#### Work order:
From the entries below, copy exactly the lines from the one that contains "独轮车上的独角兽是一款玩法独" through the one that contains "Ківш з кришкою", both included, and only those.

#### Available data:
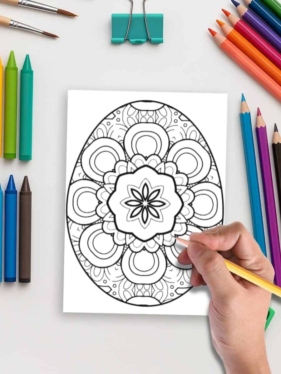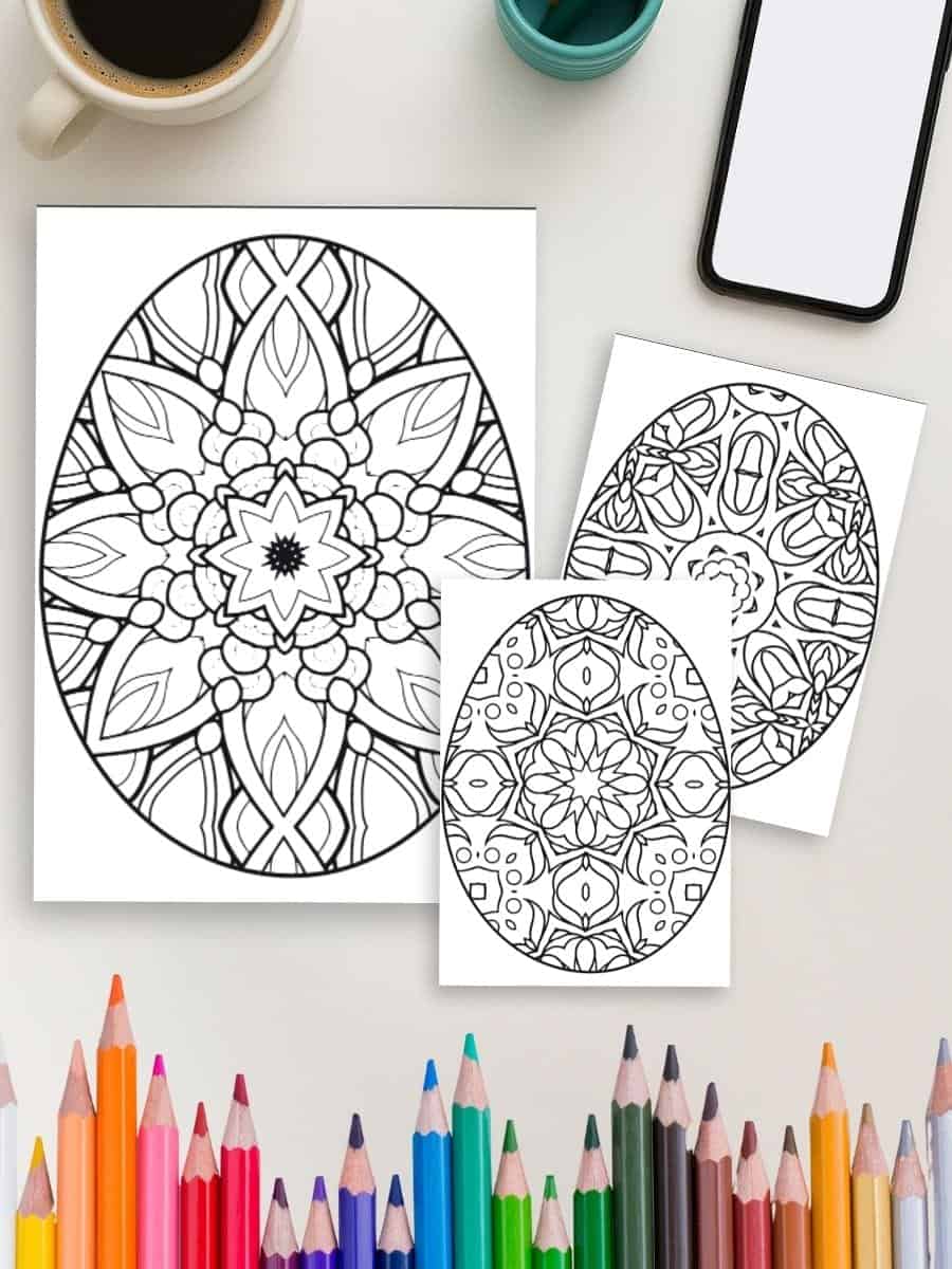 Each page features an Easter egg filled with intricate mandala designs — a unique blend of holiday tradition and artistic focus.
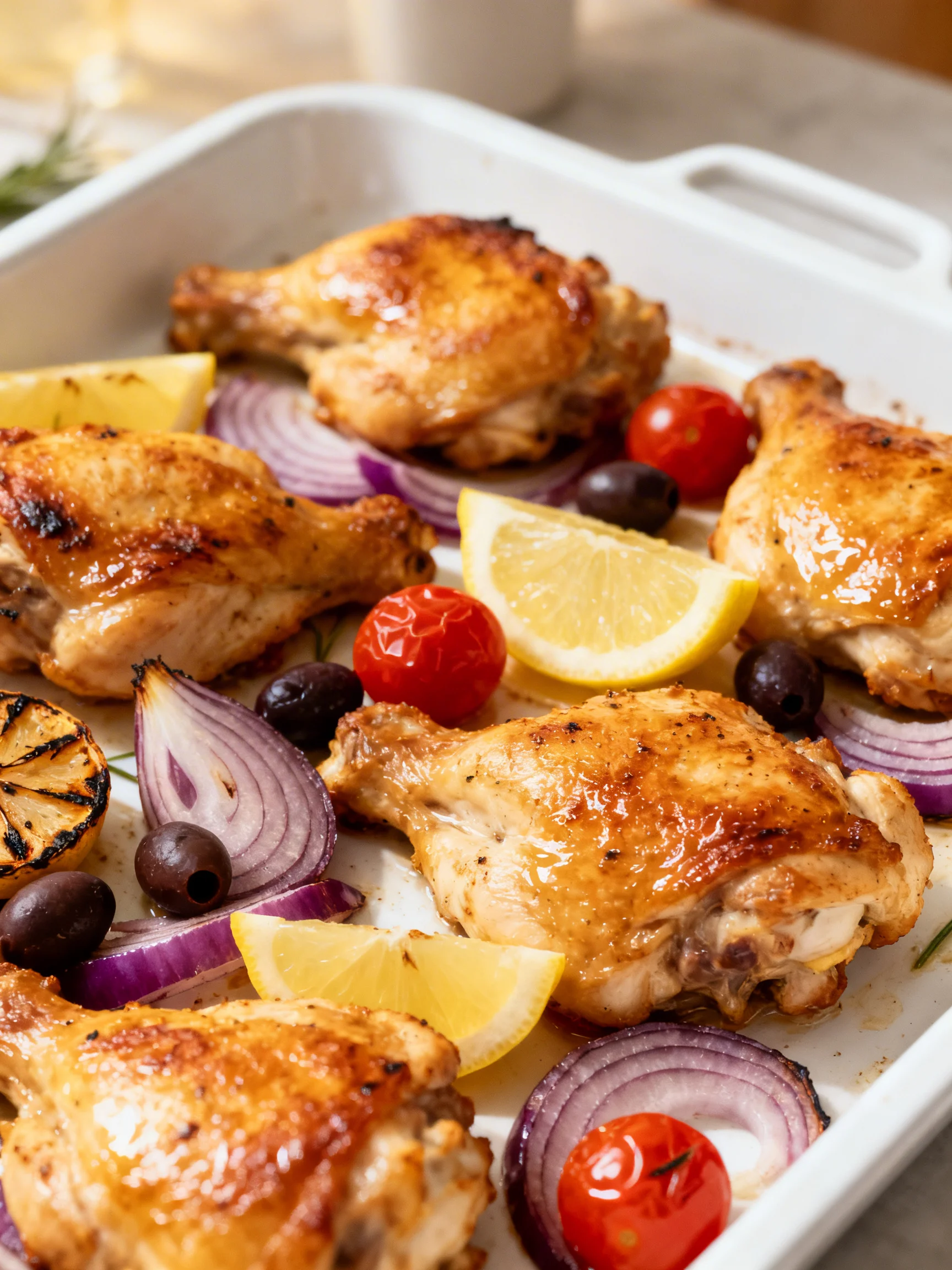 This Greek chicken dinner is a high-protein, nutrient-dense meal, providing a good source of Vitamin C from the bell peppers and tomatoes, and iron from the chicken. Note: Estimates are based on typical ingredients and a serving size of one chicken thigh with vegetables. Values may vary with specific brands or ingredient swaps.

==

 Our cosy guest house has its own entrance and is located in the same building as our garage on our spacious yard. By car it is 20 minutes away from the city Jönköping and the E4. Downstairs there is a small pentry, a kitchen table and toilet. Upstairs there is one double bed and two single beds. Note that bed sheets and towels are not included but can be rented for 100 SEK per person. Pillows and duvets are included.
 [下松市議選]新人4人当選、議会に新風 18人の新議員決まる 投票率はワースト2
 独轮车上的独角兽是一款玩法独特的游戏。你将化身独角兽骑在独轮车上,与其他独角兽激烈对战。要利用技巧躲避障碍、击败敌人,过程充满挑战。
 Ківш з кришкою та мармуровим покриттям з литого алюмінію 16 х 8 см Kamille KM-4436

#### Answer box:
 独轮车上的独角兽是一款玩法独特的游戏。你将化身独角兽骑在独轮车上,与其他独角兽激烈对战。要利用技巧躲避障碍、击败敌人,过程充满挑战。
 Ківш з кришкою та мармуровим покриттям з литого алюмінію 16 х 8 см Kamille KM-4436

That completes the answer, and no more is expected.